I am learning Topology from Dolciaini Expository text in Topology by S.G Krantz.
I have question in proof of following theorem:
Here $I^{C}$ denote the collection of all functions from C to I.
I am not able to prove $f$ to be embedding.
For proving 1. $f$ is 1-1 .
$f$ is continuous.
$f^{-1}$ is continuous on image of $f$.
$f(x)$ is clearly continuous. let $f(x)=f(y)$ , then if $f^{-1}$ exists we can prove it 1-1 . But I also can't deduce on why $f^{-1} $ exists. I don't have any other thoughts except these.

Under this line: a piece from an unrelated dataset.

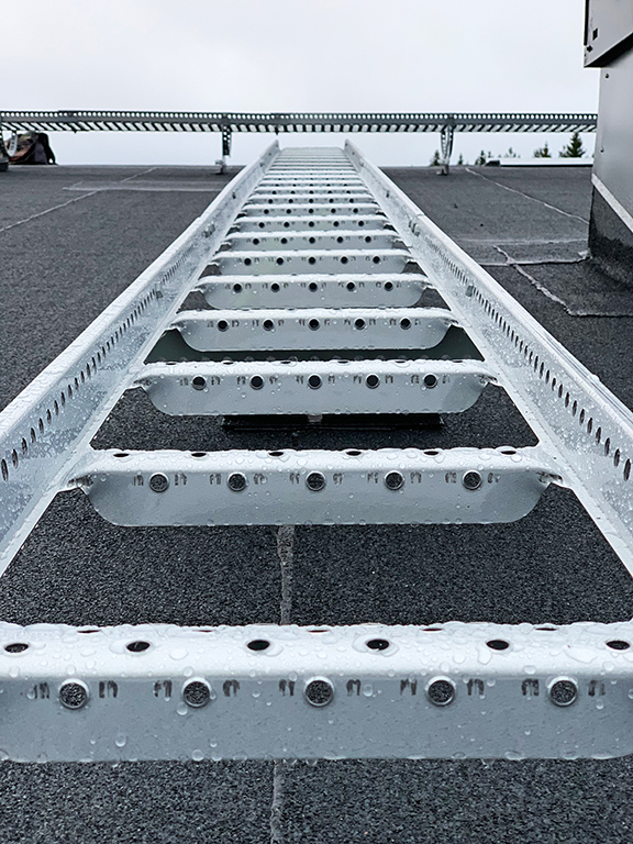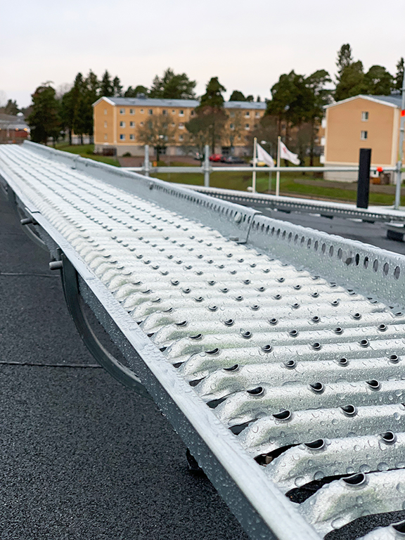 En gång- eller takbrygga krävs där du behöver förflytta dig. Den ska underlätta passage till serviceställen och du ska även kunna fästa din fallskyddsutrustning i den. För att ge bra grepp är ytan av ett grovt mönster och kanterna uppvika. En gångbrygga monteras horisontellt på taket medan en takbrygga eller takstege ska monteras längs med takets lutning.

Can you please tell how to prove 1 and 3 in defination of embedding.
It is a good idea to set up proper notations for the map. For $x \in X$ write $F_x$ for the map defined on $C$ by $F_x(f)=f(x)$. The the map under consideration is $x \to F_x$.
If the image of $x$ is same as image of $y$ then $F_x=F_y$ so $F_x(f)=F_y(f)$ of $f(x)=f(y)$ for all $f \in C$. By complete regularity $x \neq y$ implies there exists $f\in C$ such that $f(x)=1$ and $f(y)=0$. This contradiction shows that $x=y$. Hence our map is one-to-one.

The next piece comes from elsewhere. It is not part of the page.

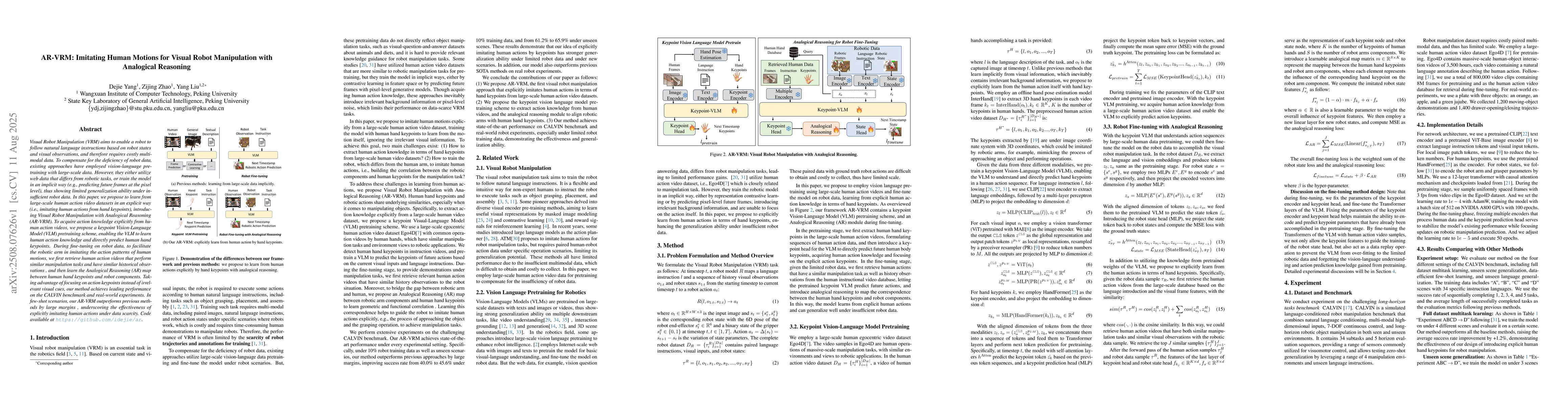 The paper introduces a keypoint Vision-Language Model (VLM) pretraining scheme and an Analogical Reasoning (AR) map to facilitate robotic arm imitation of human motions.

Hint for continuity of the inverse: Let $U$ be an open set in $X$ . It is enough to show that the image of $U$ is an open subset of the range of our map. Let $x \in U$ There exists $f \in C$ such that $f(x)=1$ and $f(y)=0$ for all $y \in X\setminus U$. Consider $\{F_t: F_t(f) >\frac1 2\}$. Verify that this is open, contains $F_x$ and it is contained in the image of $U$.